Canton South graduate continues success as author, broadcaster

By WALTER DOERSCHUK The Press-News Published:

He last toed the rubber on what is now Tim Miller Field as a member of the Canton South High School baseball team in 1999.

Fifteen years later, Dirk Hayhurst has become a New York Times best-selling author and a baseball analyst on national television. That is all after he had a short stint playing Major League Baseball with the San Diego Padres, Toronto Blue Jays and Tampa Bay Rays.

The 33-year-old said he never thought he'd achieve everything he has accomplished.

"I'm shocked this has all happened," Hayhurst said.

Hayhurst just released his third paperback book last month titled Bigger Than a Game. It's his latest in a trilogy of books detailing his professional baseball career. He also had an e-book that was an addition to his second novel, Out of My League.

He said his newest book is "very different" from his first two.

"This book is a lot more critical of professional baseball," Hayhurst said.

The latest book describes what it was like for him to battle back from a torn labrun. He suffered the injury to his right shoulder during some offseason workouts before the 2010 season. He was with Toronto at the time.

Doctors had told him the injury was really nothing he should worry about and surgery would fix it.

The surgery was supposed to be simple, Hayhurst said, but...

"I never really came back the same person," he added.

Hayhurst went into detail about some of the troublesome times during his rehab including an addiction to pain killers. He said writing about some of his most difficult experiences wasn't necessarily hard to do.

"It was theraputic for me," he said. "It wasn't impossible for me to write it, and I wasn't the only guy that was dealing with it. It had to do as much with the mental aspect as it did the physical."

He emphasized that his intent of writing his books was never to call anyone out. They were instead intended to show what life in baseball is "truly like."

In addition to continuing his writing career since his playing days ended, Hayhurst has enjoyed some success in broadcasting.

He spent last season with Sportsnet and the Blue Jays radio network in Toronto. He also impressed executives with TBS and was hired to work as a studio analyst during Turner's coverage of the MLB postseason.
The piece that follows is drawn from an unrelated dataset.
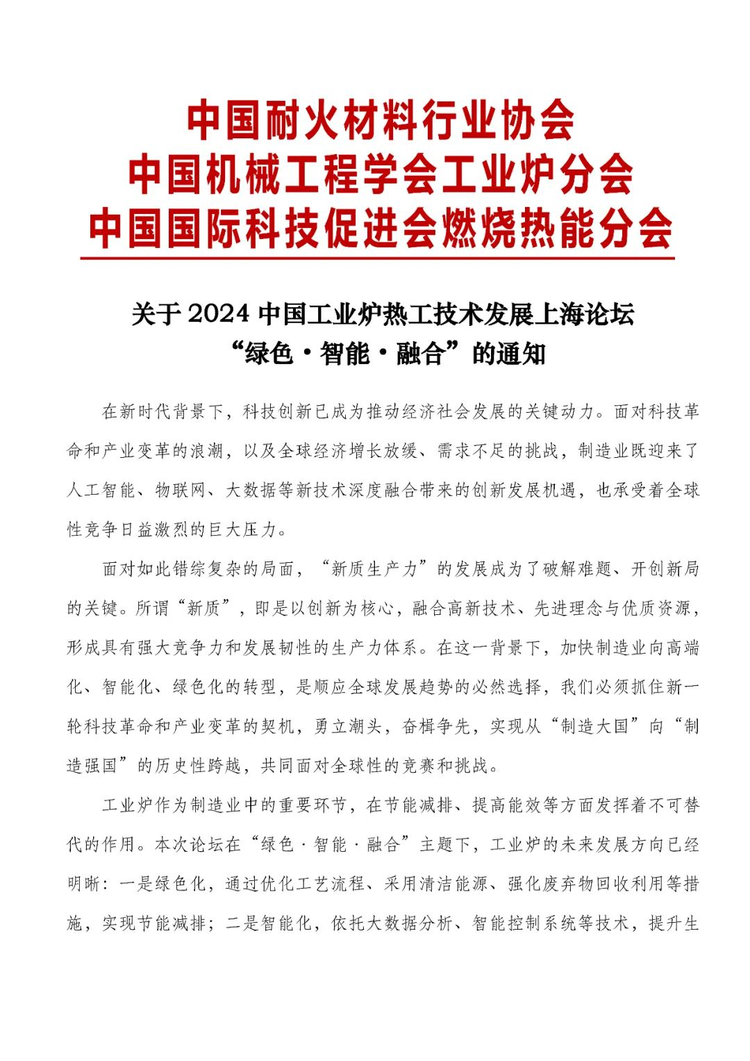 中耐協(xié):關(guān)于2024 中國工業(yè)爐熱工技術(shù)發(fā)展上海論壇“綠色·智能·融合”的通知

Hayhurst was in the studio during the pre and post-game coverage of the Cleveland Indians' American League Wildcard game against the Tampa Bay Rays.

He listed the names of the others he was on set with that were already well-known for their days on the diamond or behind the television camera. Some of his colleagues included host Keith Olbermann and analysts Pedro Martinez, Tom Verducci and Gary Sheffield.

"And then there was Dirk Hayhurst," Hayhurst said with a laugh.

Martinez was a former three-time Cy Young award winner and a World Series champion for the Boston Red Sox. But Hayhurst noted the former all-star pitcher enjoyed working with him.

"Pedro pulled me aside once," Hayhurst said, "and he said 'I wish I played with you. You're fun.'"

Olbermann is a former SportsCenter anchor who worked with Dan Patrick in the mid 1990s. The two anchors skyrocketed the show's popularity and made SportsCenter must-see television each night.

Olbermann left ESPN in 1997 for MSNBC among other ventures. He returned to ESPN last year.

Hayhurst knew Olbermann a bit before the two worked together on TBS. Hayhurst has made some guest appearances on some of his shows on other networks. The words "One of the best baseball books ever written," which Olbermann wrote, appear on the cover of Hayhurst's first book, The Bullpen Gospels.

Hayhurst compared the way Olbermann works behind the camera to the way his one-time teammate, Roy Halladay, pitched on the mound.

"When you're working with Keith Olbermann, you're working with one of the very best," Hayhurst said. "It was a treat to work with him and he makes it look so easy."

Hayhurst will not be back working in Toronto this season, but he does have some other ventures. He is working with Bleacher Report as well as ESPN and recently made an appearance on Olbermann's late-night show.

The rights to The Bullpen Gospels were also bought for a second time to possibly be made into a movie.